### Work to complete
Among the lines of the listing below, retype exactly those from the one containing "花は釣り鐘状の下向きに閉じた" through the one containing "Jenom pro srovnání, druhým", both included. Do not include pictures.

──────── Supplied data ────────

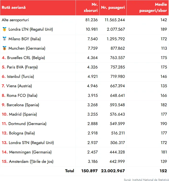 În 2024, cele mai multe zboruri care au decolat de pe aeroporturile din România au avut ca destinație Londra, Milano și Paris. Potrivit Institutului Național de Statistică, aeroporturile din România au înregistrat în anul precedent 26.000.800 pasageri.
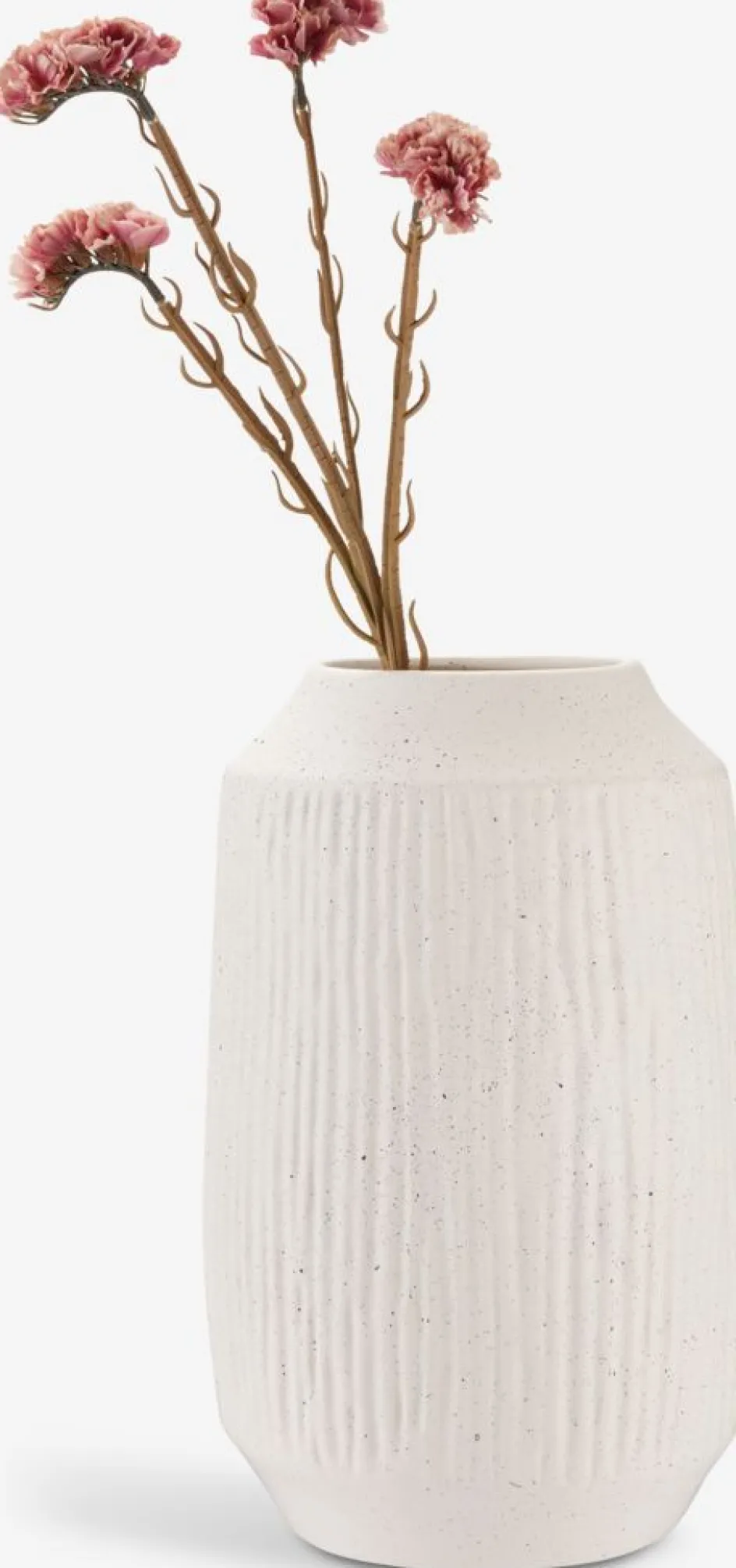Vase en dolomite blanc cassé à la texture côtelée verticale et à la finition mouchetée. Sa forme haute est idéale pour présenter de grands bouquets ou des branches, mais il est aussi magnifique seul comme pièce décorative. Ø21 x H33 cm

────────
──────── Supplied data ────────

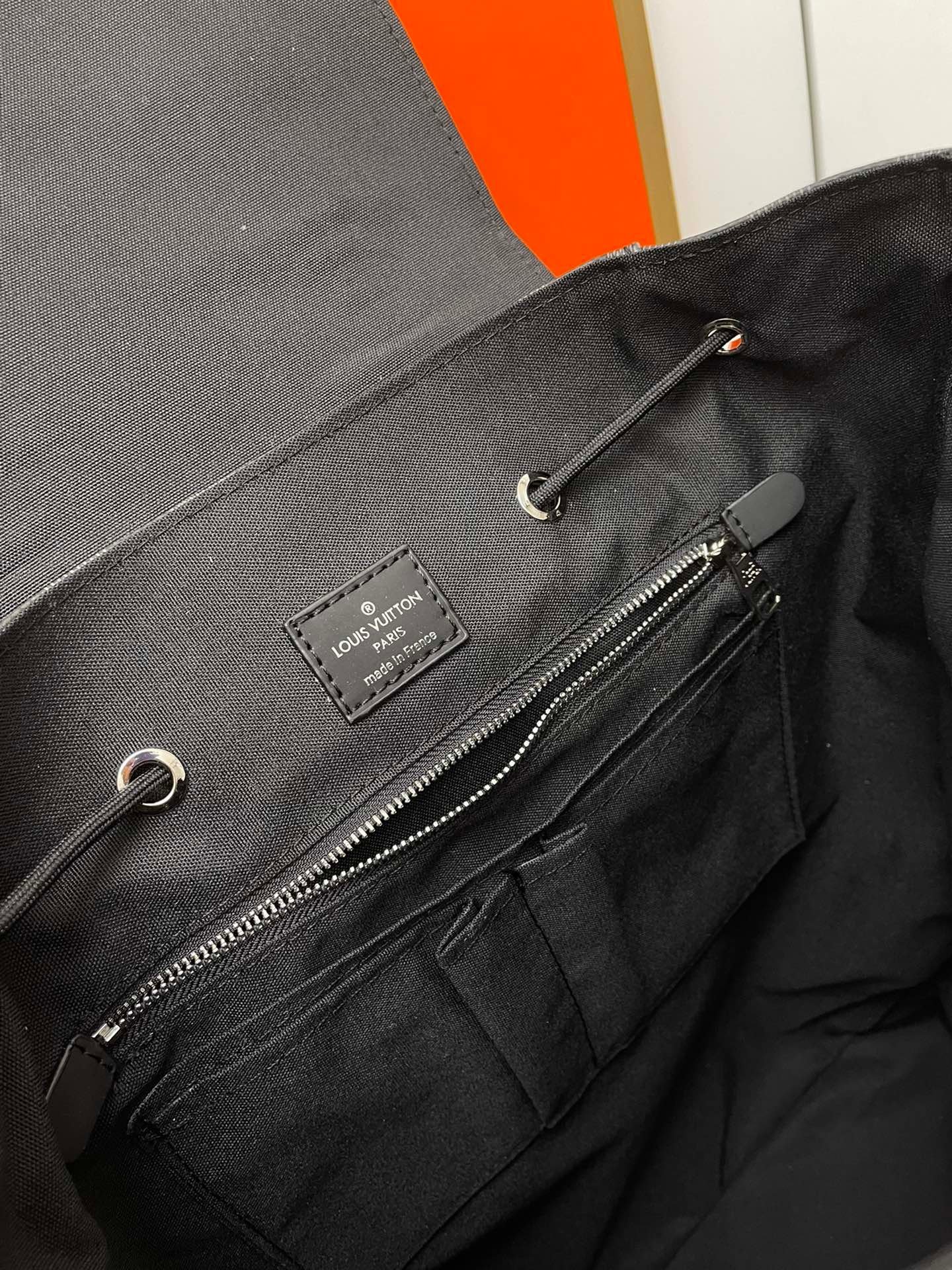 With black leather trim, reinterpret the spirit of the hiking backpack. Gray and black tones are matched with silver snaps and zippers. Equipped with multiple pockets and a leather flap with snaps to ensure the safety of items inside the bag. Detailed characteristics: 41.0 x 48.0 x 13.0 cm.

────────
──────── Supplied data ────────

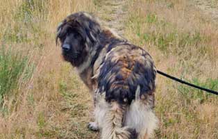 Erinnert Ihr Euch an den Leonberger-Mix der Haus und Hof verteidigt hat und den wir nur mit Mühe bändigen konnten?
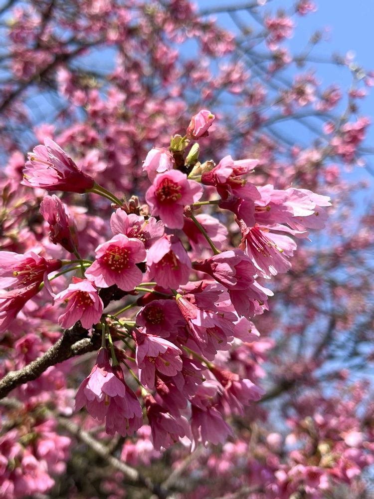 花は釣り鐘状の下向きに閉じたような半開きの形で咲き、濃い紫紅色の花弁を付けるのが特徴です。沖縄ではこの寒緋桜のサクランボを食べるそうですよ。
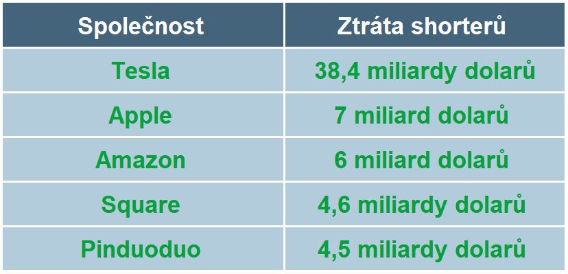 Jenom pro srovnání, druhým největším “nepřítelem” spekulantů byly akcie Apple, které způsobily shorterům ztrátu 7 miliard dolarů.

────────

### Finished exercise
 花は釣り鐘状の下向きに閉じたような半開きの形で咲き、濃い紫紅色の花弁を付けるのが特徴です。沖縄ではこの寒緋桜のサクランボを食べるそうですよ。
 Jenom pro srovnání, druhým největším “nepřítelem” spekulantů byly akcie Apple, které způsobily shorterům ztrátu 7 miliard dolarů.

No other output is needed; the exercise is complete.